**What to produce:** Once the pictures are set aside, copy the data below exactly as it stands.

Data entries
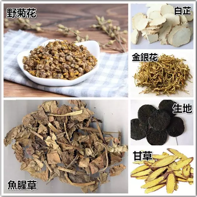 材料:野菊花、魚腥草、金銀花及生地各三十克、白芷十五克、甘草十克、水一公升。
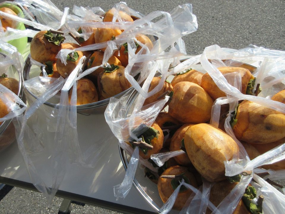 たかはらの職員さんが「デイでも干し柿に使ってよ!」とたくさんの渋柿を分けてくださいました。
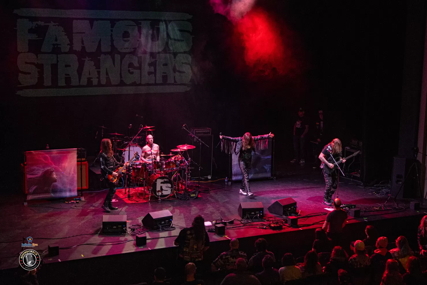 The night opened with the local band Famous Strangers, and they didn’t waste a second earning attention. Their set was short—roughly half a dozen songs—but it felt complete. Heavy, dark, and confident right out of the gate, they sounded like a band that belonged on that stage.
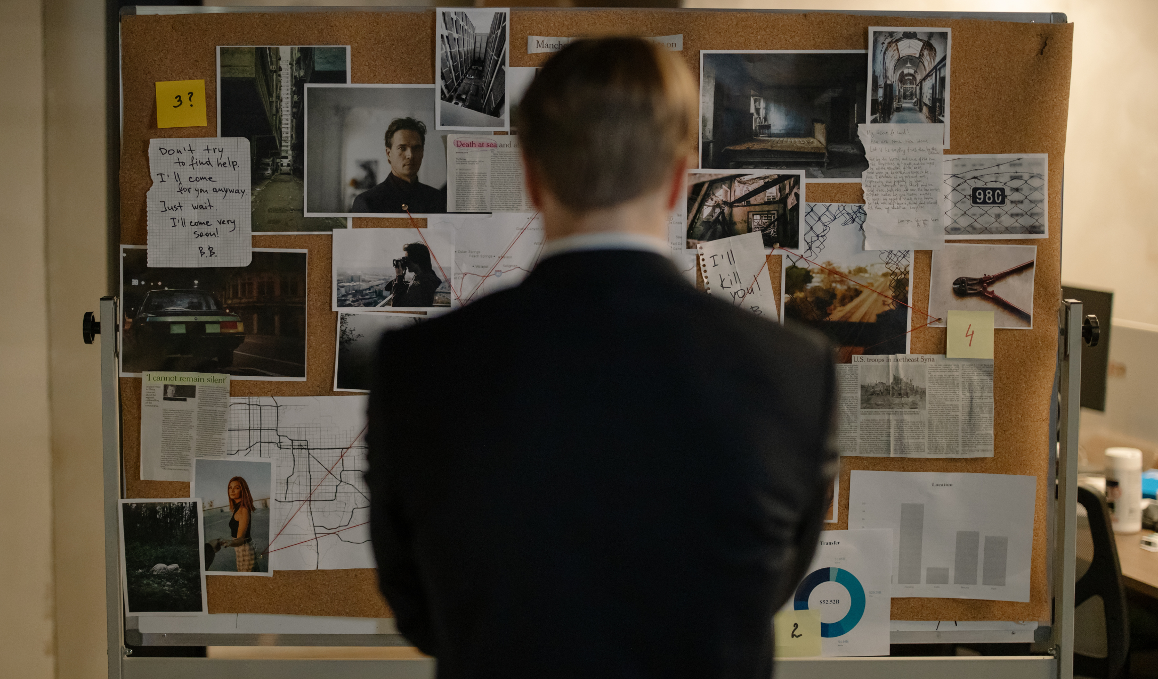 Person looking at a corkboard with photos, notes, and maps pinned on it, possibly for investigative purposes.
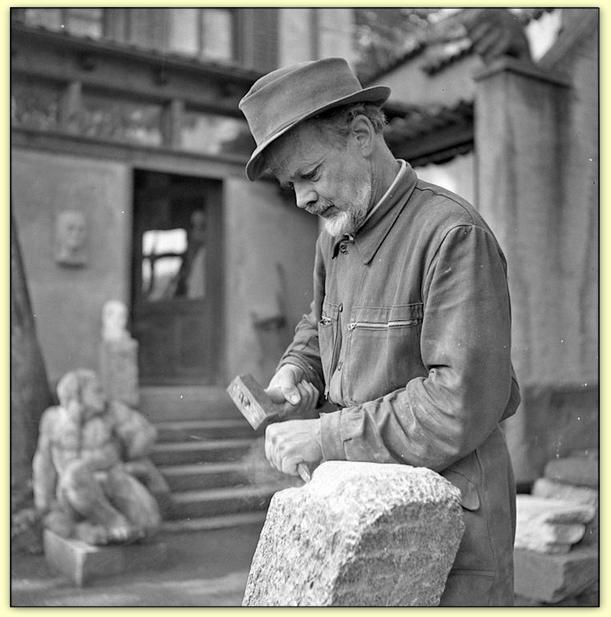 Gustave Steiz sculptant le buste en granit de Heinrich Mann (1953) Tailleur de pierre, dessinateur et sculpteur allemand (1906/1969) de style contemporain. Admirateur de Maillol et Despia, son œuvre et son style s'inspire de l'art étrusque ou encore des formes simplifiées et vigoureuses de l'art égyptien. |  |
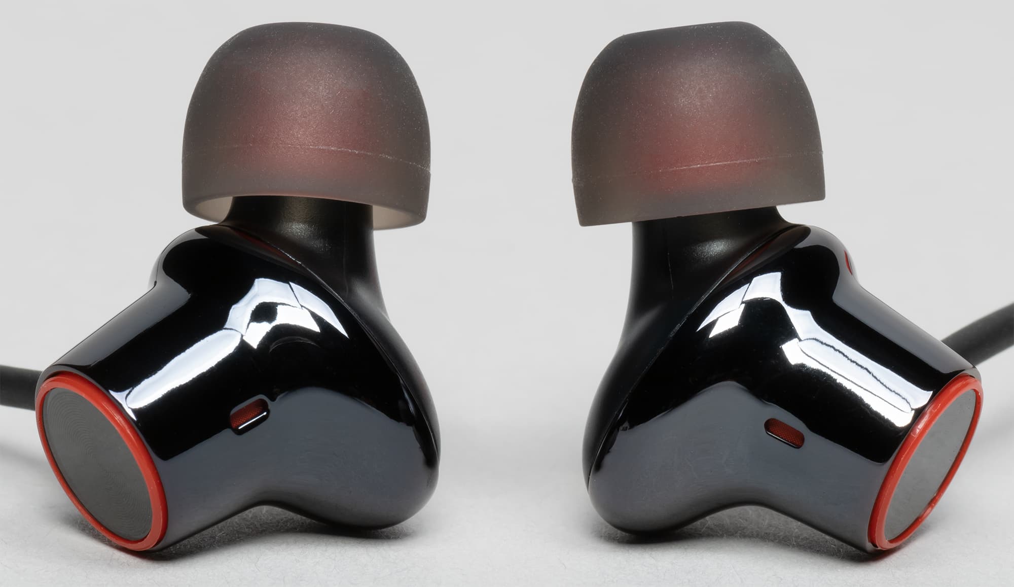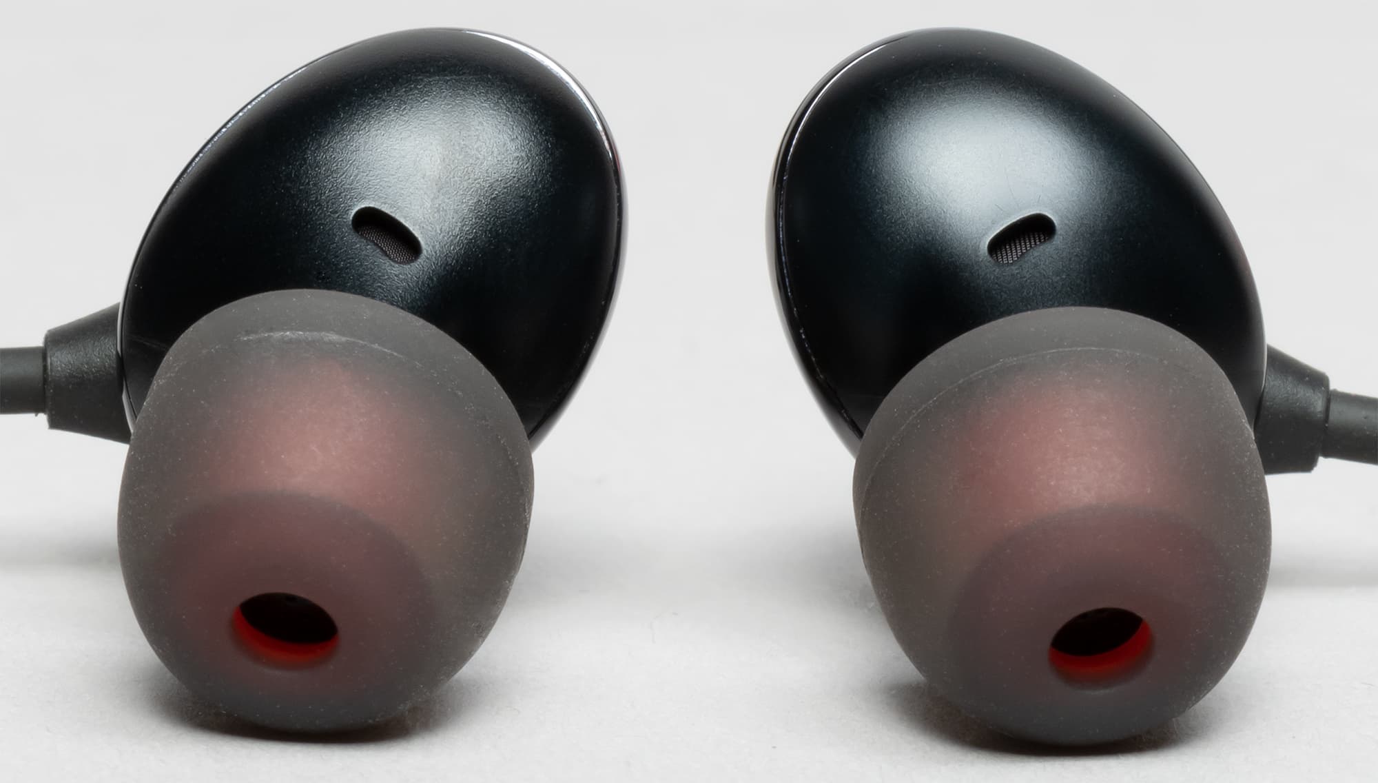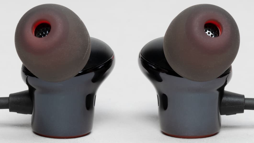 Сменные амбушюры с красным сердечником выглядят оригинально, но при этом без проблем могут быть заменены на стандартные модели.

**Solved exercise:**
 材料:野菊花、魚腥草、金銀花及生地各三十克、白芷十五克、甘草十克、水一公升。
 たかはらの職員さんが「デイでも干し柿に使ってよ!」とたくさんの渋柿を分けてくださいました。
 The night opened with the local band Famous Strangers, and they didn’t waste a second earning attention. Their set was short—roughly half a dozen songs—but it felt complete. Heavy, dark, and confident right out of the gate, they sounded like a band that belonged on that stage.
 Person looking at a corkboard with photos, notes, and maps pinned on it, possibly for investigative purposes.
 Gustave Steiz sculptant le buste en granit de Heinrich Mann (1953) Tailleur de pierre, dessinateur et sculpteur allemand (1906/1969) de style contemporain. Admirateur de Maillol et Despia, son œuvre et son style s'inspire de l'art étrusque ou encore des formes simplifiées et vigoureuses de l'art égyptien. |  |
 Сменные амбушюры с красным сердечником выглядят оригинально, но при этом без проблем могут быть заменены на стандартные модели.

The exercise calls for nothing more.